**** RECORDED DATA

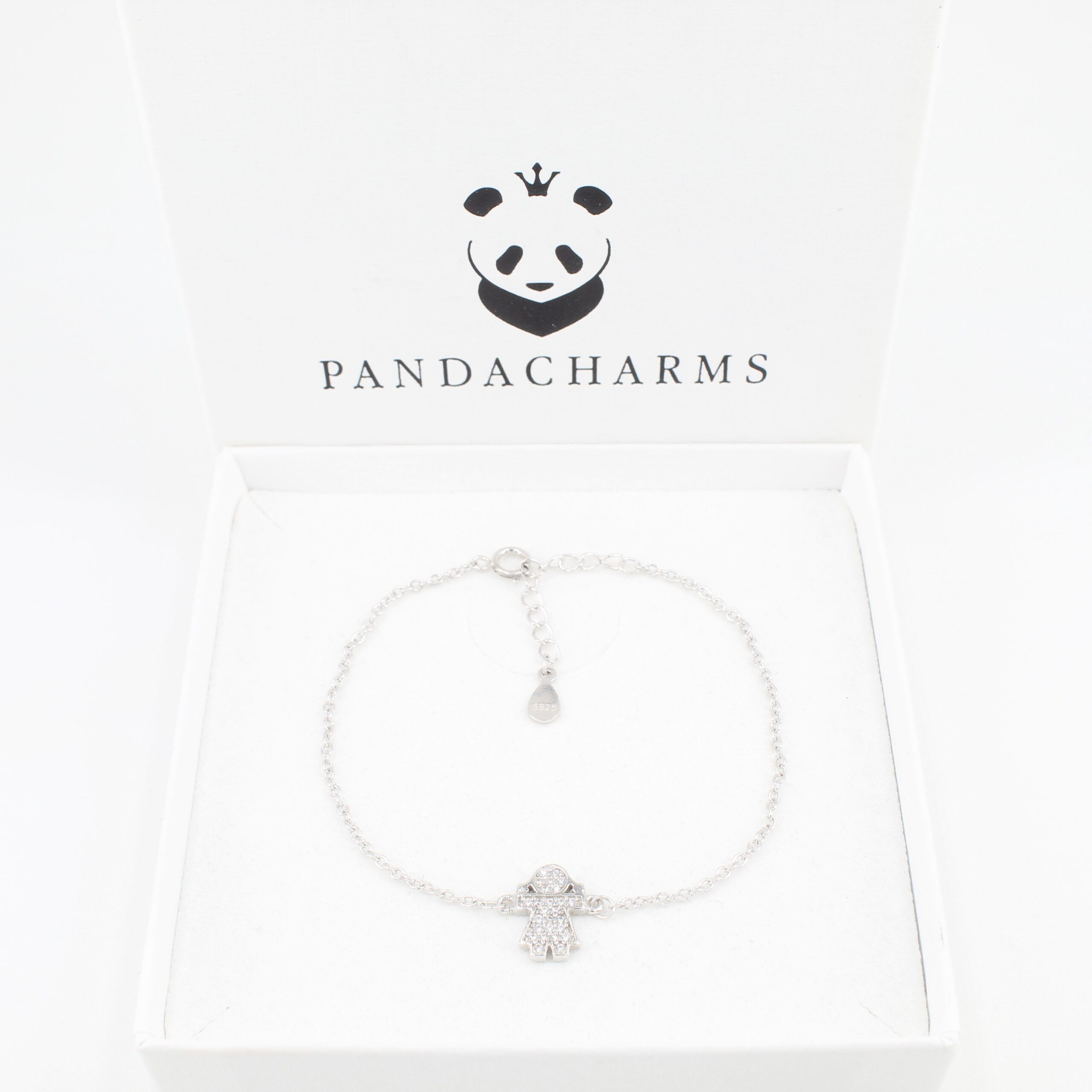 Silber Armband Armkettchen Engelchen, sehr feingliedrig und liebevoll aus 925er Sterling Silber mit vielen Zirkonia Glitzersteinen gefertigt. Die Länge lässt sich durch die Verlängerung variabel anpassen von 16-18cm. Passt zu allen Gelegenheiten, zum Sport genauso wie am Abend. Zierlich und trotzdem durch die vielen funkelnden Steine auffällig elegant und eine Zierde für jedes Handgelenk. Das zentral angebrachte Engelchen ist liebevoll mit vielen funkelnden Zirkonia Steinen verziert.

********
**** RECORDED DATA

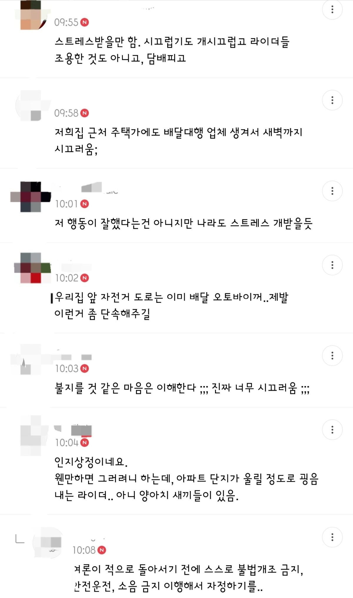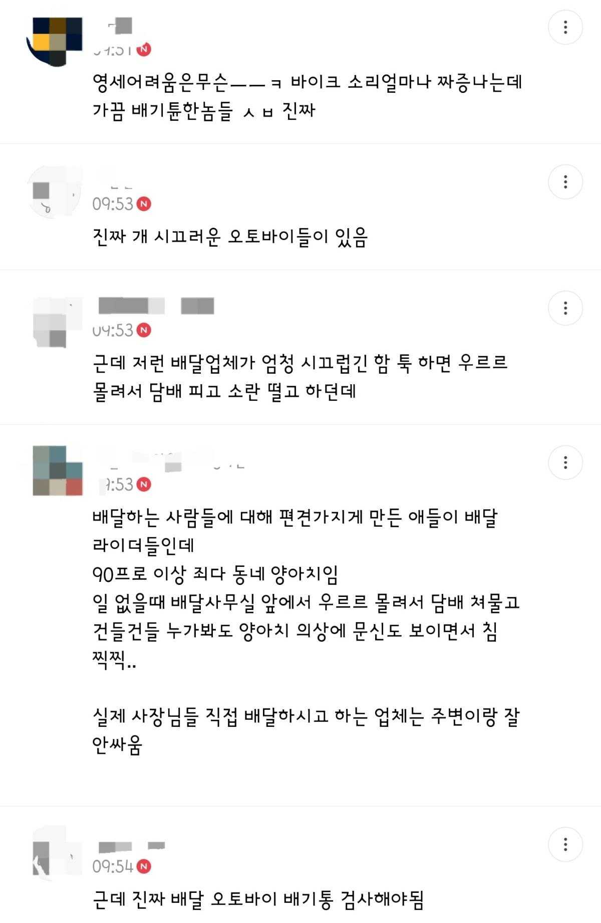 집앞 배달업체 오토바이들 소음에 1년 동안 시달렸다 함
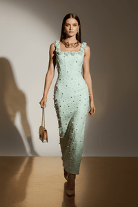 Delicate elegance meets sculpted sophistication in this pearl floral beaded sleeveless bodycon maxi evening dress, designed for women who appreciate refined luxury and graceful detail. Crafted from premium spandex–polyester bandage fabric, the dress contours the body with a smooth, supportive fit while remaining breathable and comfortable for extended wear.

********
**** RECORDED DATA

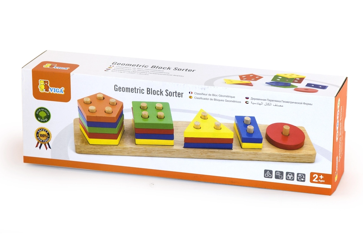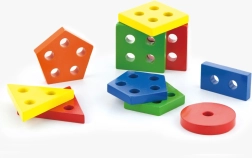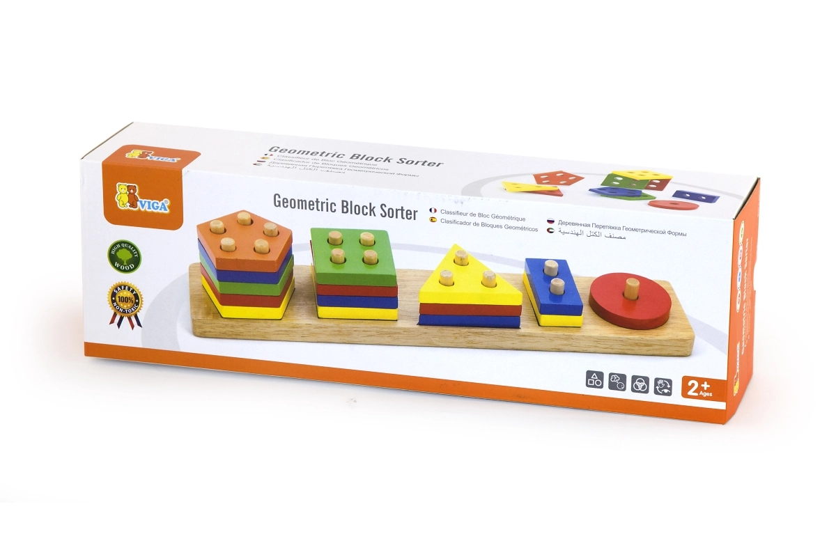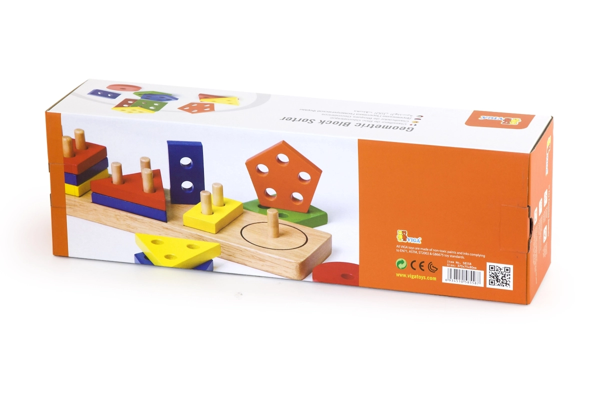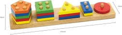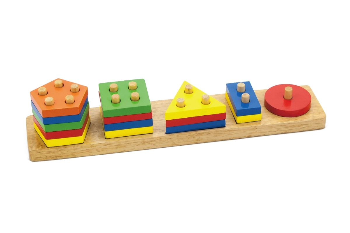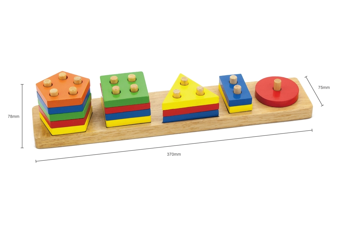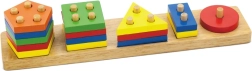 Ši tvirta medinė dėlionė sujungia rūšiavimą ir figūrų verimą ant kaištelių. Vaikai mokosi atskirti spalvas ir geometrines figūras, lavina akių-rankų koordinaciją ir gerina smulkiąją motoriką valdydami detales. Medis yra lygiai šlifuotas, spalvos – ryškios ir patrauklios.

********

_TASK DIRECTIONS:_
Could the stretch from the line with "집앞 배달업체 오토바이들 소음에 1년 동안 시달렸다 함" through the line with "Delicate elegance meets" in the listing above be restated word for word, minus the pictures?

_EXERCISE ANSWER:_
 집앞 배달업체 오토바이들 소음에 1년 동안 시달렸다 함
 Delicate elegance meets sculpted sophistication in this pearl floral beaded sleeveless bodycon maxi evening dress, designed for women who appreciate refined luxury and graceful detail. Crafted from premium spandex–polyester bandage fabric, the dress contours the body with a smooth, supportive fit while remaining breathable and comfortable for extended wear.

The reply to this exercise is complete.